Given a string array words, return an array of all characters that show up in all strings within the words (including duplicates). You may return the answer in any order.

Example 1:

Input: words = ["bella","label","roller"]

Output: ["e","l","l"]

Example 2:

Input: words = ["cool","lock","cook"]

Output: ["c","o"]

Constraints:

  • 1 <= words.length <= 100
  • 1 <= words[i].length <= 100
  • words[i] consists of lowercase English letters.

Solutions​

Approach​

To solve this problem, we need to find characters that appear in all strings within the words array. We can use a hash table to keep track of the minimum frequency of each character across all words.

  1. Initialize the frequency map:

    • Use an array of size 26 to store the frequency of each character ('a' to 'z').

  2. Count the frequency of characters in each word:

    • For each word, count the frequency of each character and update the global minimum frequency.

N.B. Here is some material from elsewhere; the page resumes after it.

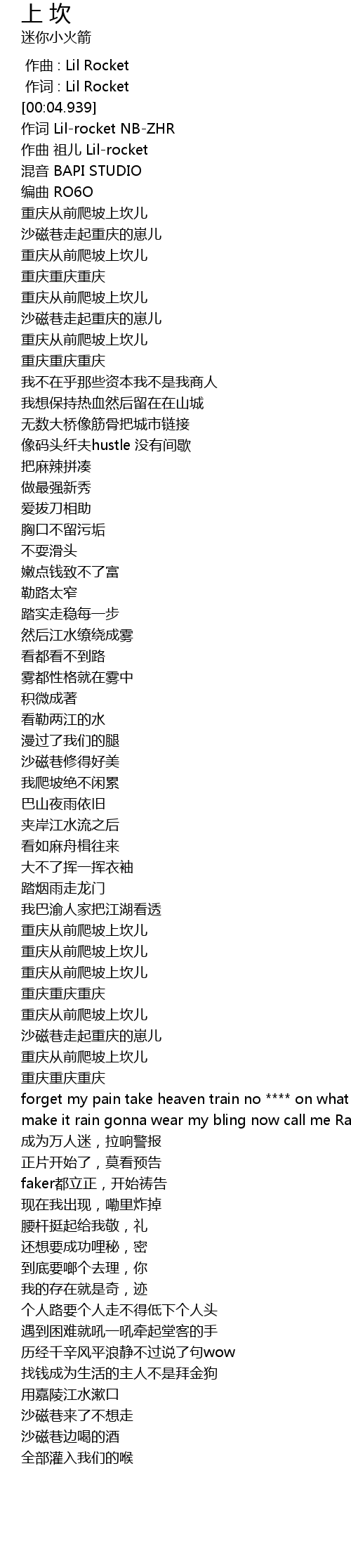 | [01:32.962] | chóng qìng cóng qián pá pō shàng kǎn ér |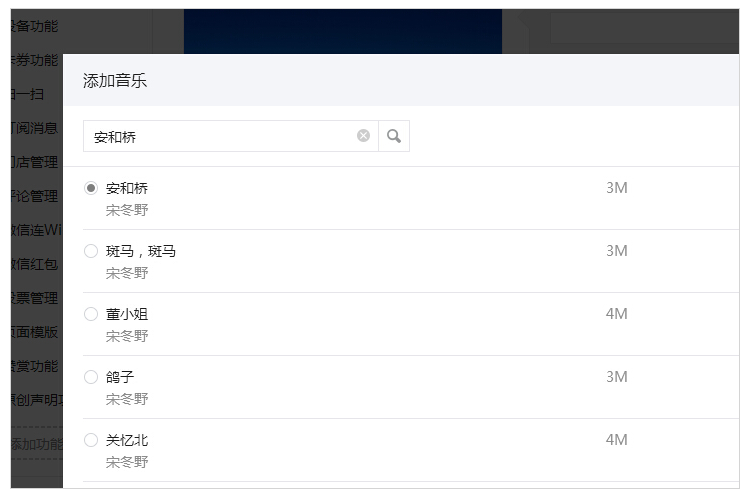 2. 選取音樂時,支持根據歌名、作者進行搜索,并且可以試聽音樂。

  3. Build the result list:

    • Collect characters that have a non-zero frequency in the global minimum frequency map.

Java​

import java.util.ArrayList;
import java.util.List;

class Solution {
    public List<String> commonChars(String[] words) {
        int[] minFreq = new int[26];
        for (int i = 0; i < 26; i++) {
            minFreq[i] = Integer.MAX_VALUE;
        }

        for (String word : words) {
            int[] charCount = new int[26];
            for (char c : word.toCharArray()) {
                charCount[c - 'a']++;
            }
            for (int i = 0; i < 26; i++) {
                minFreq[i] = Math.min(minFreq[i], charCount[i]);
            }
        }

        List<String> result = new ArrayList<>();
        for (int i = 0; i < 26; i++) {
            while (minFreq[i] > 0) {
                result.add("" + (char) (i + 'a'));
                minFreq[i]--;
            }
        }
        return result;
    }
}

Python​

from typing import List

class Solution:
    def commonChars(self, words: List[str]) -> List[str]:
        min_freq = [float('inf')] * 26
        
        for word in words:
            char_count = [0] * 26
            for char in word:
                char_count[ord(char) - ord('a')] += 1
            for i in range(26):
                min_freq[i] = min(min_freq[i], char_count[i])
        
        result = []
        for i in range(26):
            result.extend([chr(i + ord('a'))] * min_freq[i])
        
        return result

C++​

#include <vector>
#include <string>
#include <algorithm>
using namespace std;

class Solution {
public:
    vector<string> commonChars(vector<string>& words) {
        vector<int> minFreq(26, INT_MAX);
        
        for (const string& word : words) {
            vector<int> charCount(26, 0);
            for (char c : word) {
                charCount[c - 'a']++;
            }
            for (int i = 0; i < 26; i++) {
                minFreq[i] = min(minFreq[i], charCount[i]);
            }
        }
        
        vector<string> result;
        for (int i = 0; i < 26; i++) {
            for (int j = 0; j < minFreq[i]; j++) {
                result.push_back(string(1, i + 'a'));
            }
        }
        
        return result;
    }
};

Explanation​

  • Initialize Frequency Map:
    • We initialize an array minFreq of size 26 to Integer.MAX_VALUE or float('inf') to keep track of the minimum frequency of each character.
  • Count Frequency:
    • For each word, count the frequency of each character and update the minFreq array with the minimum frequency.
  • Build Result:
    • Iterate through the minFreq array and collect characters that have a non-zero frequency.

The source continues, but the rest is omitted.